Priefer did appear to learn some lessons:  If you lie, you might get caught.  And if you lie and get caught, that can embarrass you, your family and your team.

Those are lessons all right.  But are they truly the most important lessons?

Coach Priefer was given the golden opportunity at the news conference to prove that he had learned the most important lessons.  As the Star Tribune reported:

Priefer got emotional when asked what he regretted most about what transpired between him and Kluwe.

The biggest thing I regret is I brought a lot of bad publicity to the Minnesota Vikings and I felt like I let my family down,” Priefer said, choking up as he finished his sentence.

Wrong answer, Coach.

When you say that we should round up a group of human beings, put them on an island to be murdered, your biggest regret should not be that the remark created embarrassing publicity.  Your biggest regret should be that you said something unbelievably hateful and hurtful about your fellow man.  You should regret that you infected the world with verbal violence that, intended or not, really does feed and rationalize actual violence against gays and lesbians.   You should regret that you stood in the way of the cause of equality and freedom of speech when you bullied an employee who championed those uniquely American values.

Those are the right lessons, the more meaningful lessons.

Coach Priefer clearly still thinks everything is all about football.  Human rights?  Sure, whatever.  Hate speech feeding hate crimes?  Shrug.  Freedom of speech?  Whatever.  No, Mike regrets that he got caught slamming Kluwe and the gays because it created a distraction from football and an embarrassment to his football organization.  Football, football, football.

I hope someone is dreaming up an industrial strength sensitivity class for this guy, because it is going to take one kick ass class for him to get it.  In that class, they need to show Priefer how many morons with heads full of Priefer-esque “jokes” humiliate, maim and kill people, solely because of who they love.  They need to show examples of how power-drunk employers throughout history have punished African Americans, women, workers’ rights champions and others courageous enough to stand up for American values.

I also hope they line up a management class for Priefer’s boss, Vikings Head Coach Mike Zimmer who told the Pioneer Press:

“I’ve had a chance to visit with Mike Priefer on numerous occasions, almost every single day, to find out what kind of person he is,” Zimmer said. “I knew his father. I know what kind of family guy he is. He made a mistake. So I just go by what I see; I don’t go by what I hear.”

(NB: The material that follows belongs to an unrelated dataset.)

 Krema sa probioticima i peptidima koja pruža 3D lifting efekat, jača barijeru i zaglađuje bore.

“I just go by what I see, not by what I hear.”  Are you serious?  This guy just repeatedly lied to you, and you’re still saying that you  just go by what you see when you look at the guy and his background?

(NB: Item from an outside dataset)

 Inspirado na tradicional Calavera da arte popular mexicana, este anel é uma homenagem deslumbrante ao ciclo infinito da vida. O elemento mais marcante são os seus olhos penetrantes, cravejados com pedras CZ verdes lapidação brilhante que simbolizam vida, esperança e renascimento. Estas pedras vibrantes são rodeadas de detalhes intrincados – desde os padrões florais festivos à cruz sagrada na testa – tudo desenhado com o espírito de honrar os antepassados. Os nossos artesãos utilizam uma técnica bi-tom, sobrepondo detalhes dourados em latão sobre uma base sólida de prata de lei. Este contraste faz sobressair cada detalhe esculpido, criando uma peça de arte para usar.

With that kind of attitude, Coach Zimmer is poised to sweep all kinds of future personnel problems under the rug.  Allegations of sexual violence, domestic abuse, or criminal activity?  “I just go by what I see, not by what I hear about those allegations, and I don’t see a rapist when I look him in the eye.”

The Vikings organization’s words and actions show that it looks upon Priefer’s “nuke the gays” remark as a PR embarrassment, and little more.  Make it go away with some obligatory spin. But they need to take off their football goggles for a brief second to learn the truly important lessons stemming from this ugly episode.